We used the T-maze test for assessing the spatial short-term memory and alternation behavior, analyzing the animals' ability to recognize and differentiate between a new unknown and a familiar compartment. The performance of the treated DM-Tau-tg was compared with that of the nontreated DM-Tau-tg and to non-tg mice (n = 10) (23).
All data are presented as mean ± SEM, and statistical analysis was performed using the SPSS 14.0 software. The unpaired Student t-test or the nonparametric Mann-Whitney U test was used for the comparison of quantitative variables between 2 groups, where appropriate. The Spearman rank correlation was calculated between pairs of quantitative variables. For the T-maze analysis, the unpaired t-test was used for comparison between the 2 groups (23).
Simvastatin Treatment Decreased NFT Burden and Microglial Lectin Positivity in Brains of Normocholesterolemic DM-Tau-tg Mice
We first treated DM-Tau-tg mice, under standard diet conditions, with the widely used BBB-permeable statin, simvastatin, to achieve maximum accessibility of the drug to the brain. This treatment was administered for 1 month starting when the mice were 9 months of age, when NFT deposition is already established in this model (which begins at 6 months). There was a significant decrease of tau pathology/NFT burden, as indicated by the significant decrease in Gallyas-positive cells in the cerebral cortex, hippocampus, and brainstem (Fig. 1; p = 0.018). This decrease in NFTs was further confirmed by IHC with AT8 and AT180, which revealed a significant decrease of 31% and 25%, respectively, compared with nontreated controls (Fig. 2; p = 0.005 and p = 0.02, respectively). A significant reduction (28.7%) in microglial burden in brain assessed by lectin staining was also observed (Fig. 3; p < 0.0001). Plasma cholesterol levels were comparable between treated and untreated mice (2.72 ± 0.22 mmol/L and 2.9 ± 0.16 mmol/L [mean ± SEM], respectively). No difference was noticed in reactive astrocytes by GFAP staining (data not shown).

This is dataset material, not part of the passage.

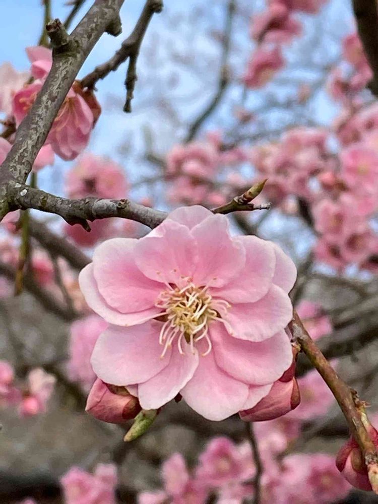 さんおはようございます😃こちらこそみていただいてありがとうございます🌸…八重咲きの梅のピンク色…春がきたっていう感じがします✨…桜の開花もうすぐです🥳…これからもよろしくお願いします🤗

When this therapy was administered at an early age (i.e. 4 months), before onset of NFTs, and for a longer 8-month duration to achieve a maximal effect (Experiment II), there was again a robust decrease in treated versus control NFTs, as assessed by Gallyas staining (30%, p = 0.005). Immunoblotting of sarcosyl-insoluble brain fractions with the human tau Ab Tau-13 revealed a similar trend: there was a decrease of 24.8% in the ratio of sarcosyl-insoluble (pellet) to soluble (supernatant) human tau in the simvastatin-treated compared with tg-controls (0.266 ± 0.06 and 0.20 ± 0.01, respectively); this did not achieve statistical significance. The treated animals showed also an improvement in memory deficits, as indicated by the improved T-maze performance (i.e. a longer time spent in the unfamiliar arm compared with nontreated mice; p = 0.049) (Fig. 4).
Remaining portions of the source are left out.